Tweaking
by razor840
Summary: I think the clichéd version of how it happened probably included me speeding down the road to my apartment, eyes wet with tears." How did it really happen? Cameron-gen. Spoilers for Hunting.
1. Chapter 1

I think the clichéd version of how it happened probably included me speeding down the road to my apartment, eyes wet with tears. In reality, by the time I got home, I was itchy and nervous. My mouth was watering and I knew what was going to happen, or at least I thought I did. It took me back to college, driving around with an eighth of weed in my purse. There was a familiar feeling of paranoia, one of the things I definitely didn't miss about doing drugs. These crazy scenarios kept running through my head: being caught with drugs, losing my license, going to jail. I stopped at every yellow light, stayed five miles below the speed limit, and signaled at every turn. I had the meth in a baggie, hidden beneath the spare tire in the trunk. A police car passed me on the road right by the hospital and my whole body tensed up. I tried to look casual, to drive casually, I had this horrible ache in my neck and shoulders.

I drove by a head shop pretty much every day on my way to work. At least I hoped it was a head shop. It could have been a record store or a coffee shop. It had all the ambience of a head shop: hippy sounding name, guy outside playing the guitar, ATM right outside. I walked in and was immediately assaulted by that burnt vegetation and vanilla smell, it was almost putrid, of incense. Normally I like the smell but when there are so many different types together, it turns my stomach.

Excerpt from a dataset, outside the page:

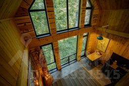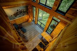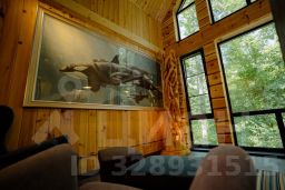 Кедровый дом - Морской. 1 этаж: лаконичный коридор с мини-гардеробом для размещения багажа; санузел с теплым полом, ванной и туалетом, раковина с большим зеркалом и полноценным техническим оснащением (эл. бойлер, фен, весы); просторная гостиная с панорамным видом на территорию. В этой лаундж зоне предусмотрен приглушенный свет и подборка классической и современной литературы. Особую атмосферу каждому домику создают оригиналы картин известных художников. На втором этаже расположилась просторная мастер-спальня, оформленная в стиле практичного минимализма: двуспальная кровать из массива сибирского кедра 160*200 см, кедровые прикроватные тумбы - пни с соляными светильниками и аутентичные коврики. Панорамное окно прямо в спальне на 2ом этаже с видом на реликтовый лес и территорию бутик-отеля придает особый шарм. Утром можно проснуться под пение птиц.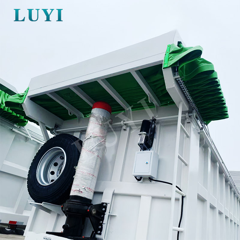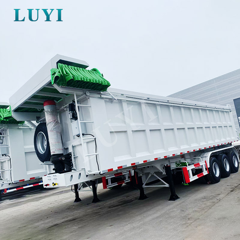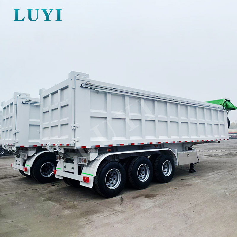 The LUYI brand white 3-axle rear-tilting dump semi-trailer, originating from high-quality manufacturing in Shandong, China, is an efficient truck trailer specially designed for heavy-load transportation. The product is made of high-strength steel, featuring a stable and durable structure. It has dimensions of 1300mm × 2500mm × 4000mm and a maximum load capacity of 100 tons, easily meeting the transportation needs of various heavy goods.

It was even worse on that particular day, because I was starting to feel the effects of the antiviral medications. There were compact disks in cardboard boxes, beer in the coolers, the florescent lighting made everything look dingy and grayish. A younger looking guy with a full, messy, ginger colored beard was leaning on a glass counter. He almost looked asleep. There was a purple piece of poster board hanging in front of the counter, it read: 'Discount Cigarette Depot, Buy One Get One Free, _Pall Malls_.'

I could see hookahs and bongs behind the counter, so I hoped I was in the right place. I needed a screen. I had two boxes in my closet, both of them were taped shut. One box had wedding photos and various scraps from my marriage and the other had things left over from college. Inside the latter was a black box from Ikea the held a glass pipe, scraped clean of resin. All I needed was a screen. Mike, he was wearing a name tag, seemed slightly shocked and annoyed to have to wait on a customer.

"Do you have screens here? I'm looking for, you know, the screens you put in the bottom of a pipe," I was bleeding nervousness, my voice sounded crackly and unnatural.

"Uh, yeah, one is seventy five cents and a package is two fifty. I have three sizes, about how big? A pipe would probably be either a small or a medium," he pulled a couple screens out of box on the shelf behind him.

I bought one medium screen. It would have been more economical to buy a whole package, but this was going to be a one time thing, and I didn't want to invite a second time by having extra paraphernalia at hand.

"I guess I'll just get one of those cases of _Rolling Rock _too, and a pack of _Basic Light One Hundreds_," his eyes were tinged pink and he was moving at a glacial pace but eventually I got my stuff and got out of there.

I was practically running back to my car. I just wanted to get home and get away from people. Cigarettes were still about two dollars, the last time I bought a pack and I was shocked at the five dollar price tag. Everything was more expensive on the East Coast. I had been healthy, good, and pure for years.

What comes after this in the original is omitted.